Let’s look at the issue from a slightly different point of view:

How long does it take to do a total of $n$ push_back() operations, starting with an empty vector?

2.1.2 Doing N push_backs

Let $k$ be the smallest integer such that $n \leq 2^k$. For the sake of simplicity, we’ll do the analysis as if we were actually going to do $2^k$ pushes.

• Let $m$ be the current size() of the vector.

  • If $m$ is a power of $2$, say, $2^i$ then the array is full and we do $O(m)$ work on the next call to push_back().

  • If $m \neq 2^i$, then we do $O(1)$ work on next call.

We can then add up the total effort as

\[ \begin{eqnarray*} T(n) & = & \sum_{i=1}^k \left( O(2^i) + \sum_{j=1}^{2^i-1} O(1)\right) \\ & = & O\left(\sum_{i=1}^k (2^i)\right) \\ & = & O\left(1 + 2 + 4 + \ldots + 2^k\right) \\ & = & O\left(2^{k+1} - 1\right) \\ & = & O\left(2^{k+1} \right) \end{eqnarray*} \]

The total effort is $O\left(2^{k+1}\right)$.

But we started with the definition of $n$ saying that $n=2^k$, so this total effort is $O(2n) = O(n)$.

2.1.3 push_back has an Amortized Worst Case of O(1)

So even though

• an individual call to push_back() may be $O(n)$,

• the total effort for all $n$ push_back’s used to build a vector “from scratch” is also $O(n)$

We say that the amortized worst-case time of push_back() is therefore O(1).

Definition

amortize: to decrease (on average) over an extended period of time.

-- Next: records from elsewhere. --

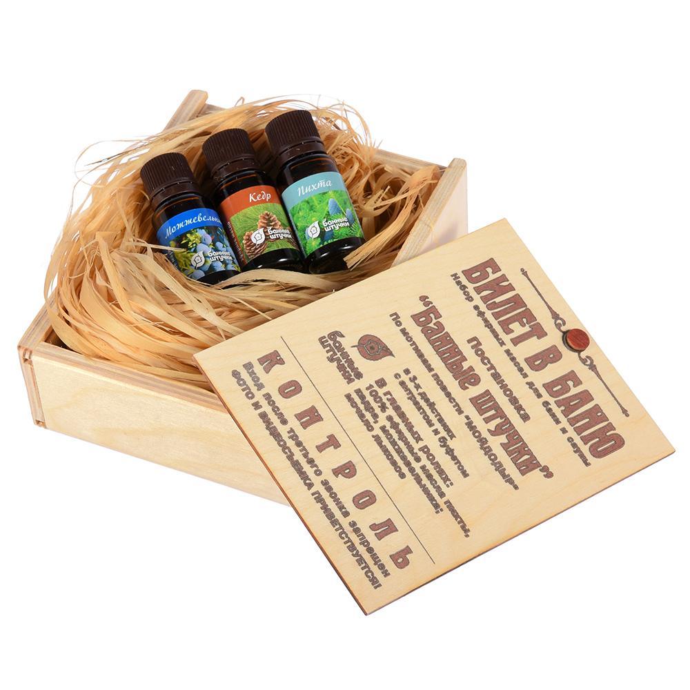 Приятный набор эфирных масел Банные Штучки Билет в баню 3х15 мл 32158. Незаменимый предмет традиционной русской бани и сауны. Ароматная жидкость устраняет головную боль, способствует расслаблению, а также улучшению самочувствия и настроения. Для применения достаточно добавить в ковш 10-15 капель на 15 м2. Затем на стены, полки и слегка остывшие камни необходимо плеснуть натуральное эфирное масло, чтобы распространить аромат по всему помещению. Рекомендуется повторить процедуру несколько раз.
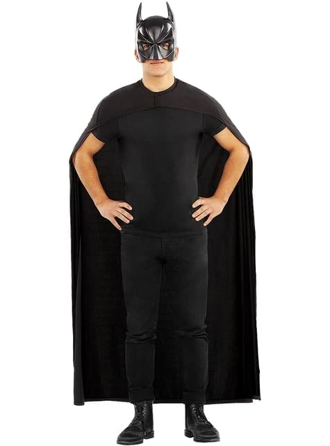 Increíble Kit Batman para hombre con gran realismo y calidad. Con este kit de capa y máscara de Batman seguro que triunfarás en cualquier fiesta de disfraces. ¡Podrás convertirte en Batman sin que nadie descubra tu verdadera identidad!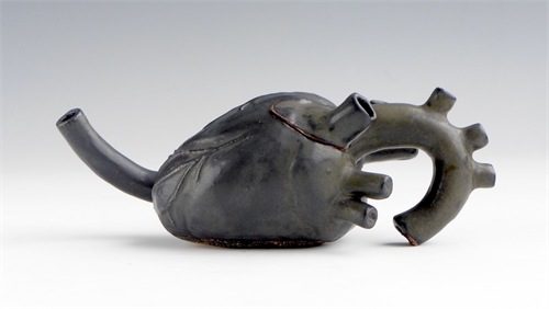 | Description: | A thrown and altered heart form with handbuilt alterations. Based on xing chinese teapots. |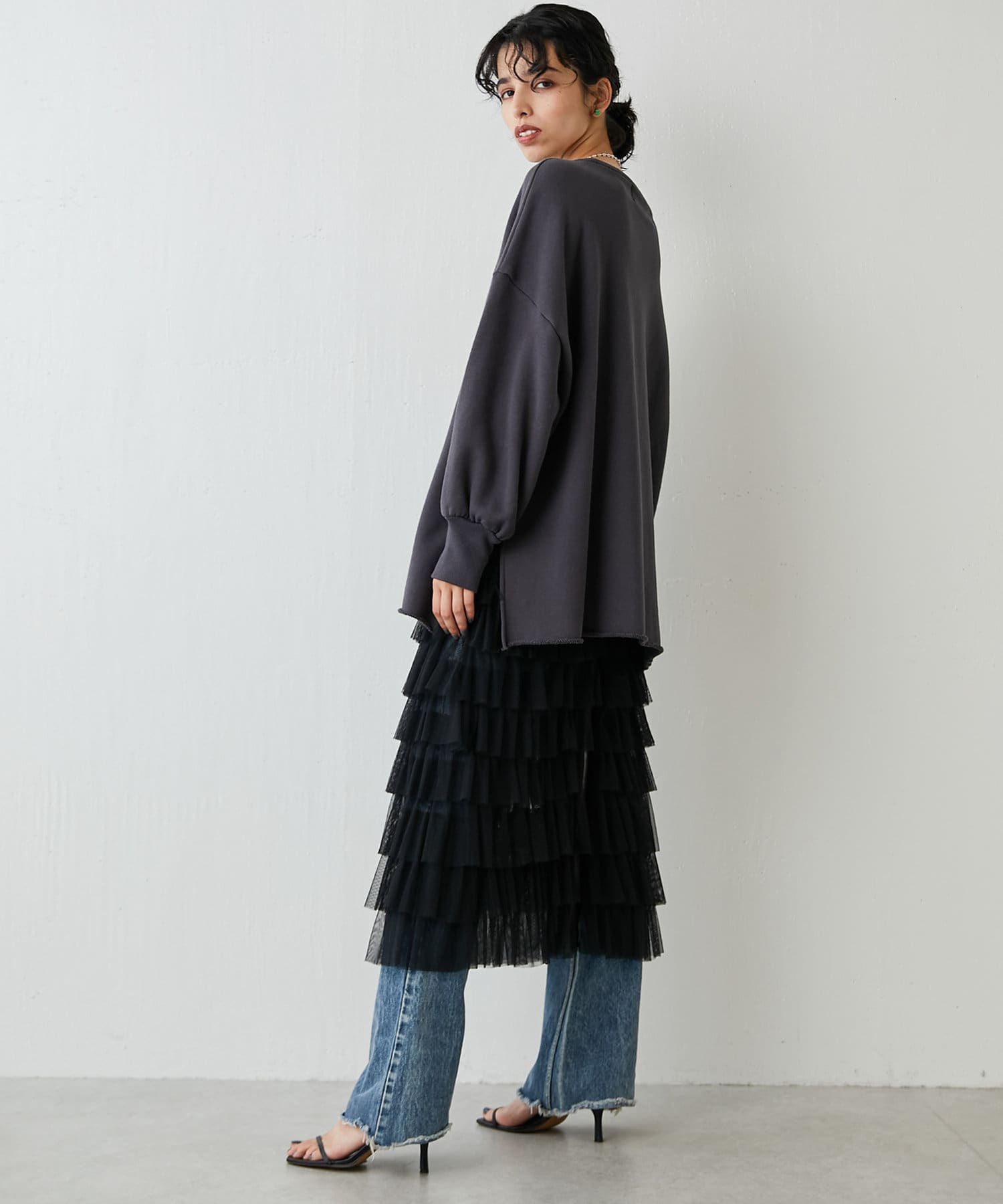 ■肩をたっぷりとドロップさせたゆったりめのシルエットが抜け感を演出。

This term comes from the world of finance, where the cost of an initial high investment in equipment or facilities is often assessed (e.g., for tax purposes) at its equivalent annual cost over all the years that the equipment is in operation. For example, a \$10,000 computer expected to have a working lifetime of 5 years may be said to have an amortized cost of \$2,000 per year.

Similarly, if we consider the total work necessary to actually get a vector of $n$ elements, we say that the total cost is $O(n)$ and therefore we have an amortized worst-case complexity of $O(1)$ per push_back call.

Whether or not the amortized cost is really what we want depends upon what kind of performance is important to us. If we are mainly interested in how some algorithm involving many push_backs performs in totality, the amortized cost is appropriate. If, however, we are dealing with an interactive algorithm that does one push_back in between each prompt for user input, then the “real” $O(n)$ worst case is more appropriate because it indicates the amount of time that the user might have to wait after submitting an input.

2.2 Using reserve() to get a True O(1) Worst Case

If we knew ahead of time how many elements would be placed into the vector, we can make all the push_back’s O(1) time. We would do this by calling reserve to make sure there are enough slots without requesting more memory:

int n;
vector<std::string> names;
cout << "How many names? " << flush;
cin >> n;
names.reserve (n);
for (int i = 0; i < n; ++i)
  {
    cout << "\nEnter name #" << i << ": " << flush;
    std::string aName;
    cin >> aName;
    names.push_back(aName);
  }

This is the same reserve function that we looked at as part of the implementation of push_back.

2.3 Summary

So the true answer is that vector::push_back does have a worst case of $O(n)$, but in special circumstances that cost may average (amortize) to $O(1)$ over a sequence of $n$ calls.